But what are the objectives of this Organization of ours
in 1993? Well, they are not very difficult to enumerate,
because they are set out for us and by us in the Preamble to
the Charter, and they remain as valid today as they were
when they were agreed in 1945.
The first, of course, is peace, because without peace
and security no human society can flourish; then human
dignity, because if we do not treat each other with respect as
individuals, we will not do so as nations; justice, because
unless relations between nations are grounded in law, the
powerful will always be able to triumph over the weak;
social and economic progress, because without the sustained
and sustainable development of our economies, all our other
achievements will be as nothing.
I believe that to this list we must now add the
maintenance of a clean and attractive environment. We are
learning, painfully, that our planet also has rights. We
ignore them only at our peril.
These are the foundations for the vision of what the
world should be. In New Zealand, we would say that they
give opportunities to all. When the United Nations came
into existence almost 50 years ago, the vision was sharper
than the reality, but the founders of the United Nations were
certainly not deterred. They were at the watershed in the
affairs of the world. They had just experienced the awful
reality of a global conflict in which millions had died, and
they were determined to do everything in their power to
make sure that such a conflict could never occur again.
They did build well. They embodied their vision not only
in this Organization but also in a whole series of economic,
financial, social and humanitarian institutions, and they gave
it the only strength that counted: their sheer determination,
as men and women from very different countries, to make
it happen.
Only the utmost patience and perseverance has kept that
dream and that determination alive through most of the
50 years since 1945. Progress has been slow and it has been
halting. Some great things were done, but too often the
Members of the United Nations could agree only at the
lowest common denominator, a reflection of the political
gaps and strains within the United Nations membership.
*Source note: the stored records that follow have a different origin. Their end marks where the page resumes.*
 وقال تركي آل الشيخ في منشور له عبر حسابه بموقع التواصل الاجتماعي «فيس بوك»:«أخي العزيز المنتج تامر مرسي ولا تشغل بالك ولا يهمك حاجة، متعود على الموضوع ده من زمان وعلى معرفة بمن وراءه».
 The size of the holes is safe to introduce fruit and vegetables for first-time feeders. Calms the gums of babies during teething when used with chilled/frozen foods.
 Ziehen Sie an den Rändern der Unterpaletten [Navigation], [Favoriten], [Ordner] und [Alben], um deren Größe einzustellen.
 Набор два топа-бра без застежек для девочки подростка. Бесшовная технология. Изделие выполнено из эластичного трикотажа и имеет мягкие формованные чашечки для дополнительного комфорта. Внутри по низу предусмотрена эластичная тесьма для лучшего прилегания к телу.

There are, however, four reasons why I believe that that
long, grey era has closed.
The first is that the cold war, that shadow and threat of
a global conflict, is now over. Freed of that constraint, the
United Nations can operate, as it was intended that it should,
as the ultimate guardian of the security of all its Members,
the ultimate arbiter of world peace.
Secondly, democracy, one of the most effective
guarantors of peace between nations, is spreading. We
welcome the establishment of democratic institutions and
processes in countries that have for too long been without
them.
The third point is that in the General Agreement on
Tariffs and Trade Uruguay Round of multilateral trade
negotiations, the world has a major opportunity to turn its
back on protectionism and lock in the prospects for
economic growth through trade and other forms of economic
integration. Freedom and free trade go hand in hand.
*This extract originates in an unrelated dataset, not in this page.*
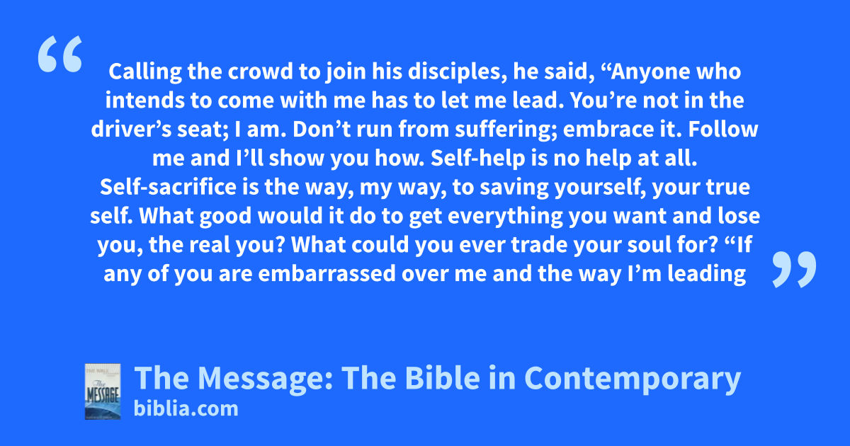 34–37 Calling the crowd to join his disciples, he said, “Anyone who intends to come with me has to let me lead. You’re not in the driver’s seat; I am. Don’t run from suffering; embrace it. Follow me and I’ll show you how. Self-help is no help at all. Self-sacrifice is the way, my way, to saving yourself, your true self. What good would it do to get everything you want and lose you, the real you? What could you ever trade your soul for?

Fourthly, and last, the Earth Summit in Rio de Janeiro
and Agenda 21 contain a global consensus, a universal
determination to act to preserve our environment.
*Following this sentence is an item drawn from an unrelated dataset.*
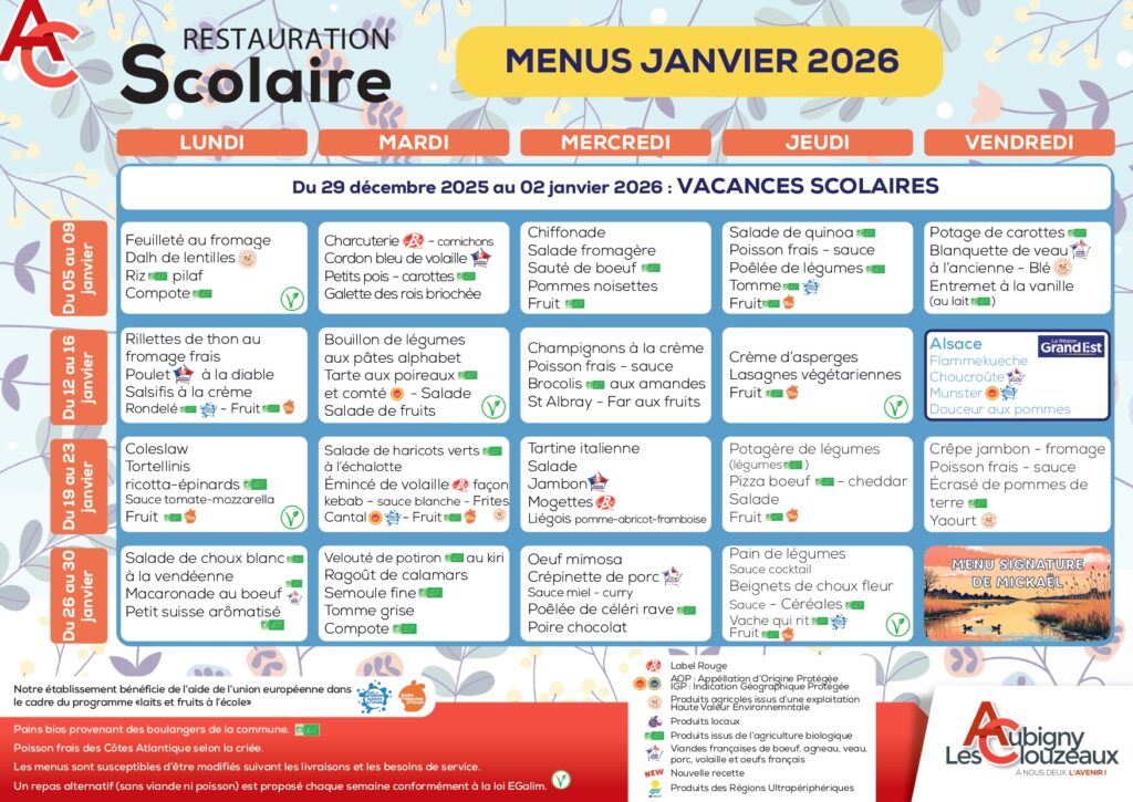 Menus de cantine

This combination of developments marks a new
watershed; if we are to keep faith with the founders of this
Organization, we must do what they did in 1945 at their
watershed, and build well, not just for ourselves, but of
course for those who follow.
On the issue of security and peacemaking, the first
point that I raised was that the elimination of confrontation
between the super-Powers has opened up new possibilities
for the practice of collective security and peacemaking. The
unfortunate consequence of 50 years of super-Power
confrontation is, paradoxically, that we are not yet very good
at working together: like a novice sports team, we are really
rather uncoordinated, sadly lacking in strategy, sadly lacking
in team skills or knowledge of the new rules, and sadly
lacking in collective determination. We cannot correct these
deficiencies overnight, but we must keep on trying to
improve.
Forty-eighth session - 29 September l993 39
The other paradox is that peace has not broken out
simply because the former Soviet Union and the United
States have stopped squaring off against each other. There
have been unexpected consequences: some would liken the
result to taking the lid off a pressure-cooker. Conflicts,
internal and between neighbours, seem to have burst out
everywhere. These consequences, in human terms, are
horrific.
So here we are, in the United Nations, underresourced,
undertrained and facing an enormous peacemaking, peace-
building and peace-keeping challenge. We really have no
alternative to learning as we go, and I believe that we are
doing so.
During the past year, I have spoken to soldiers and
relief workers in the field in United Nations missions as
widely spread as Somalia and Croatia, and I pay my highest
tribute to their dedication under some of the most adverse
circumstances. United Nations people are trying there, as
elsewhere, to create conditions where their work will
ultimately no longer be required. They are actually trying to
do themselves out of a job.
The Secretary-General’s document "An Agenda for
Peace" is now in a consolidation phase. The problems are
clear: rising expectations; machinery due for reform; lack of
funds; and the lack of ready, well-trained and well-equipped
forces. Mr. Boutros Boutros-Ghali has already made some
thoughtful proposals, including sending teams to Member
States to help identify in advance resources available for the
United Nations operations. New Zealand is willing to
respond positively to this approach.
The Secretary-General has also made organizational
changes in the Headquarters departments that support peace-
keeping. The revamping of the Department of Peace-
Keeping Operations is a very good start, providing we
recognize that we need more than just a shifting of the
resources. The new philosophy of peace-building and
peacemaking must work in tandem with the well-tried and
successful peace-keeping philosophy of the past.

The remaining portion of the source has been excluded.